Constance shouted the last word over her shoulder as she strode away, heading for the other end of the warehouse, near where the bombed-out wall was still crumbling. “To me!” she shouted, and the cry was taken up: “To the Mallt-y-Nos; the Huntress is here.”
They had to get to the top of the fossa first while the System was bombing their every movement. The Martian wind was spinning in agitation; a dust devil briefly took form near Constance’s ankle before the wind changed, bringing with it the heat of the fires burning the System base. What Constance had not destroyed, the System was laying waste.
“Huntress!” Henry shouted, and Constance turned just as he appeared out of the Martian dark. He had been evacuating the warehouse. His troops were already behind him, keeping warily low beneath the System ships overhead. A rumble and a roar interrupted the high whistling of the System ships, a
nd Constance saw her own ships lift off from the ground.
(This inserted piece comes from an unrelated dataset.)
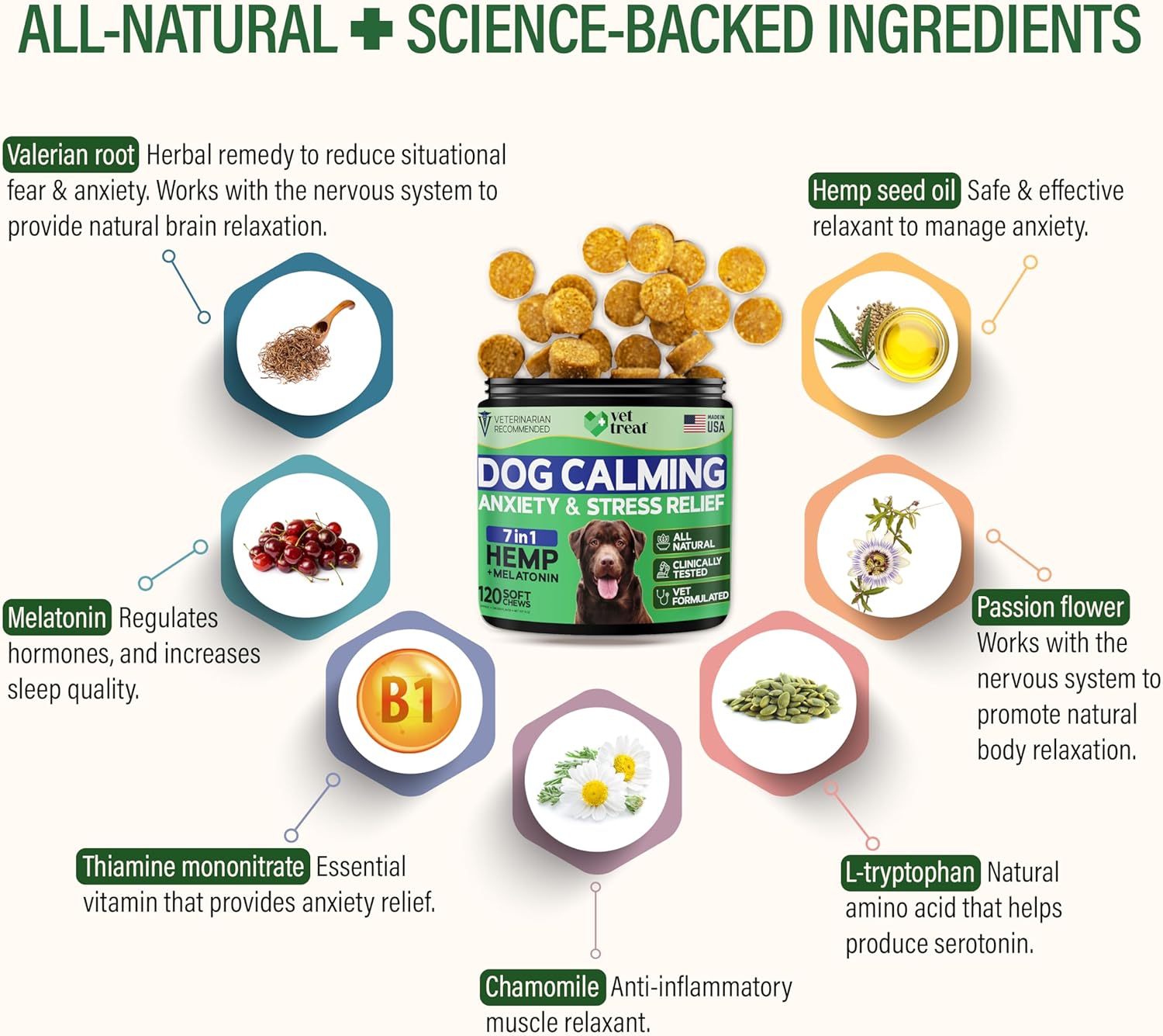 • Premium Natural Ingredients – Vet Formulated: Formulated by veterinarians, these dog calming chews - anxiety relief treats feature natural herbs and hemp for dogs to reduce anxiety and promote well-being – with no artificial fillers, corn, or soy.

Arawn’s were gone already, but Milla’s ships flew at the System attackers, drawing their attention from the ground.
“We have to get out of the fossa,” she shouted at Henry over the deafening concussions of the aerial battle. “The nearest dip in the gorge wall is south. We need to get there and get up before the System realizes what we’re doing.”
She had too few ships on the ground, she realized. Already Milla’s attack was almost being overwhelmed. The doctor would have to pull out soon or risk annihilation. “Follow me!” Constance shouted to her troops, and started off down the fossa.
It was just dark enough that the System ships wouldn’t be able to see them, and the heat of the nearby bombs would conceal their infrared signatures, but sooner or later the System ships would realize that they were gone and compensate for that. An army such as hers must be mobile, ready at all times to escape to safer ground and fight from there. Milla Ivanov was right, unpleasant though it was: the System’s military was organized, trained. Hers was not. Connor Ivanov had failed when he had stopped moving, when he had let the System lay siege.
Her breath was coming faster than she would have liked. The fleet had come. Winning was immaterial. She just had to survive.
She had reached the low point in the fossa wall, where the stone was sloped and easily scalable. She started to climb up. The System would have stairs and elevators to reach the top of the fossa somewhere, she knew, but the System fleet would know about them as well. If her army used the natural lay of the land, they were more likely to survive.
The sound of more engines, the sonic boom of ships rushing through the air. Bright lights soared upward toward the stars overhead: Milla had pulled out of the battle, and Constance’s ground troops were again in danger of attack from above.